Вот, к примеру, спектакль "Бобок" по Достоевскому. Казалось бы, он такой мрачный – кладбище, мертвецы... Но и там, в загробном мире, люди (покойники) не могут расстаться с собственным самолюбием и претензиями. Ну, испугайся, осознай, что тебе дан шанс начать новую форму жизни. Нет – даже в крайней ситуации мы остаемся тем, что мы есть.

– Но признайся, когда ты ставил этот спектакль, где сплошные покойники с ужасающим гримом разлагающихся лиц, тебе не было жутковато?

– Было внутреннее напряжение и ощущение состояния, в котором когда-нибудь окажусь. Знаешь, в детстве мне было очень страшно, когда в деревне я шел мимо кладбища. Я бросался бежать и как сумасшедший влетал в дом.

– И вряд ли догадывался, что покойнички позже станут объектом твоего профессионального интереса.

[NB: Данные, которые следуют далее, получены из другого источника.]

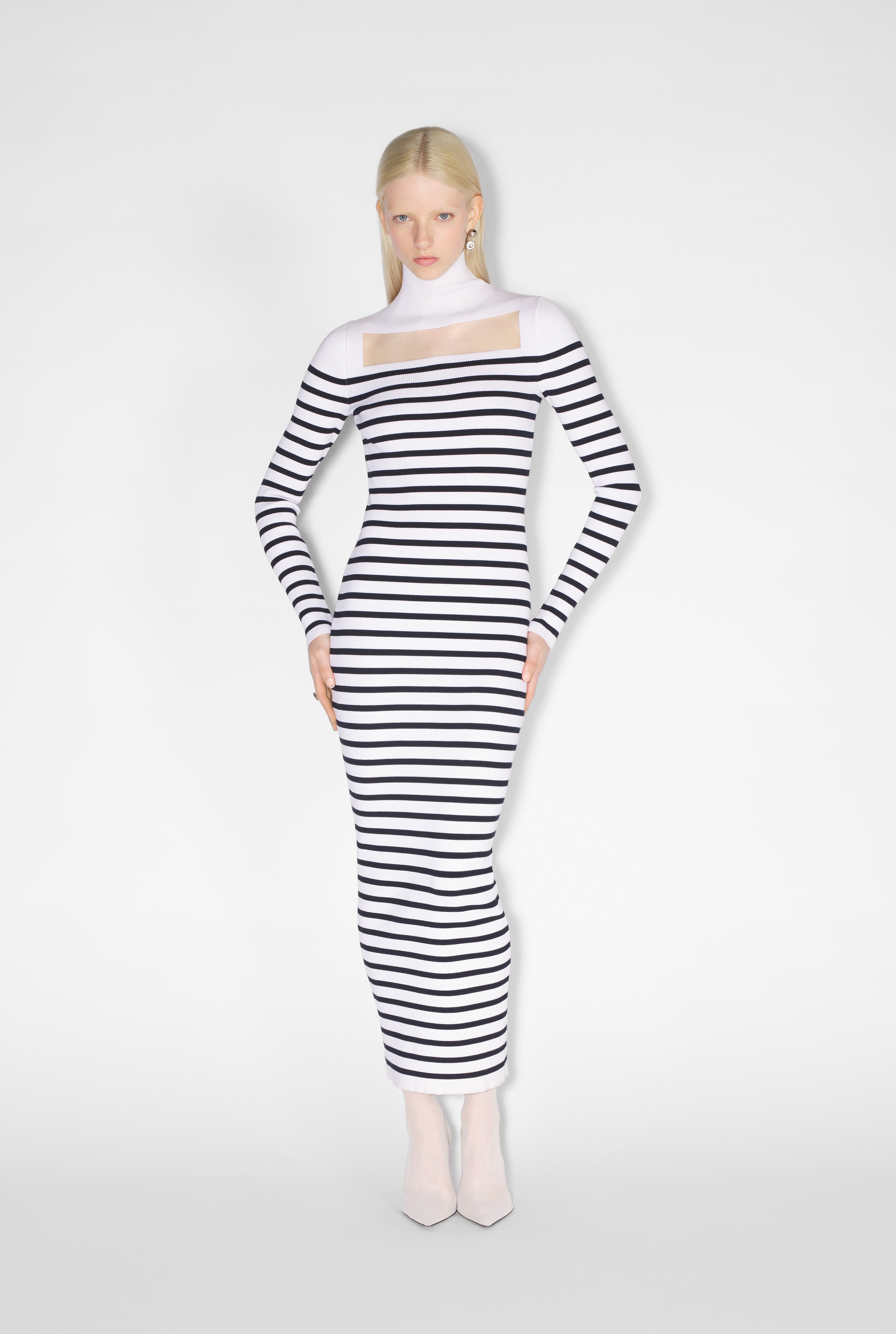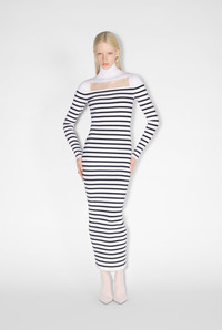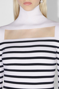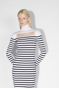 Fashion Fiction Collection Long-sleeved knit Marinière dress with sheer detail on front. PRODUCT DETAILS - Slim fit - Turtleneck - Materials: 70% viscose, 30% polyester - Made in Italy

– Когда я бежал, я как бы слышал за собой чужое дыхание – будто за мной кто-то гонится. Это, кстати, гоголевское чувство. У него в повести "Старосветские помещики" возникает ощущение, что героев кто-то зовет. Кто? Такие вещи не формулируются в словах. Такими вещами нельзя шутить. Как и нельзя шутить с Гоголем. Если ты думаешь, что все про него знаешь, он неминуемо щелкнет тебя по носу.

– А ты получал от Гоголя?

– В Польше я ставил "Мертвые души". Собственную инсценировку, которую сочинил из пяти вариантов булгаковской, я заранее отправил для перевода. Потом приехал в Краков. На первую репетицию собрались артисты – человек двадцать, и я рассказывал им про Гоголя, про черта и про взаимоотношения с нечистой силой – в общем, сказал много умных слов. И вот артисты начинают читать переведенную инсценировку, и у меня в прямом смысле встают волосы на голове. Я слышу совершенно другой, ничего не имеющий общего с моим вариант. И в этот же момент явственно слышу какой-то смешок в ухе.

– По-моему, ты доигрался в мистику.

– Клянусь – смешок был: "Ну, все ты знаешь про меня? Давай выпутывайся". Я был в ужасе. Короче, после разборок оказалось, что переводчик потерял мой вариант и, не переговорив со мной, перевел классическую версию Булгакова и выдал за мою. Вот и вся история. Но это соединение моей самоуверенности с моим рассказом о Гоголе и черте – явный щелчок по носу. От кого только? От Гоголя или от черта? А может, от того и другого? В общем, меня всего зачеркнули, со всеми моими знаниями.

– Ну а поблагодарить Гоголь может?

– Когда ты относишься к нему честно, искренне, то он благодарит просто результатом работы. Он всегда мне покровительствовал, начиная с дипломного спектакля "Нос", и тогда, когда я ставил "Ревизора", "Женитьбу", "Мертвые души". Интересный автор, но его надо чувствовать.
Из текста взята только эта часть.